12) In one word, the values of Va”, Vb” and Vy are actually of no interest to us. Actually only the values of Va’, Va”’ and Vb”’ are of interest to us as these three values determine the validity of the third Newton’s law and the related law of conservation of linear momentum.
13) The mass of each couple blue rod-blue ball is much smaller than the mass of the blue T-shaped component. For example if Ma=1kg, then the mass of each couple blue rod-blue ball must be equal to, let’s say, 0.0001 kg (and even smaller).
14) In our numerous real experiments we strongly reduce friction and the mean experimental values of Va”’ and Vb”’ are equal to 0.5999992 m/s and to 0.0999997 m/s, respectively, that is, Va”’ = 0.5999992 m/s and Vb”’ = 0.0999997 m/s. The latter clearly shows that the experimental error (due to friction) is much smaller than 1 % and this experimental error is perfectly acceptable.
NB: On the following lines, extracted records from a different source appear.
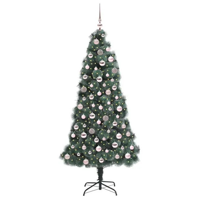vidaXL Umetna predhodno osvetljena božična jelka s setom kroglic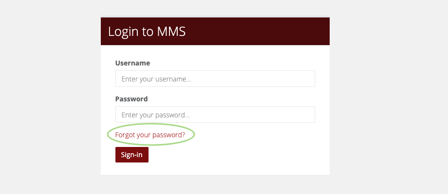 - Forgot password links can be found at all login screens (i.e. RASNET, MMS).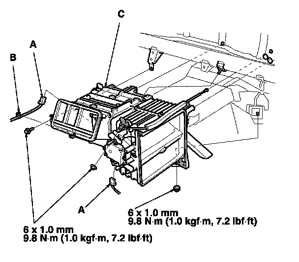 12. Disconnect the connectors (A) from the mode control motor and the air mix control motor, then remove the wire harness clip (B). Remove the mounting nuts, the mounting bolt, and the heater unit (C).

15) Let me remind only again (it is written in the explanatory text of the link
https://www.youtube.com/watch?v=xX14NK8GrDY ) that the zigzags generate a mechanical effect (let us call this mechanical effect the "X effect"), (a) which is absolutely identical and equivalent to friction and (b) which does not generate heat. (We take gravity and friction out of equation and consideration.) And really even if the mean experimental value of force of friction inside the zigzag channels is equal to 0.0000001 N (our last experimental result), then the "X effect" still remains and can be clearly observed as in PART 3 of the link above.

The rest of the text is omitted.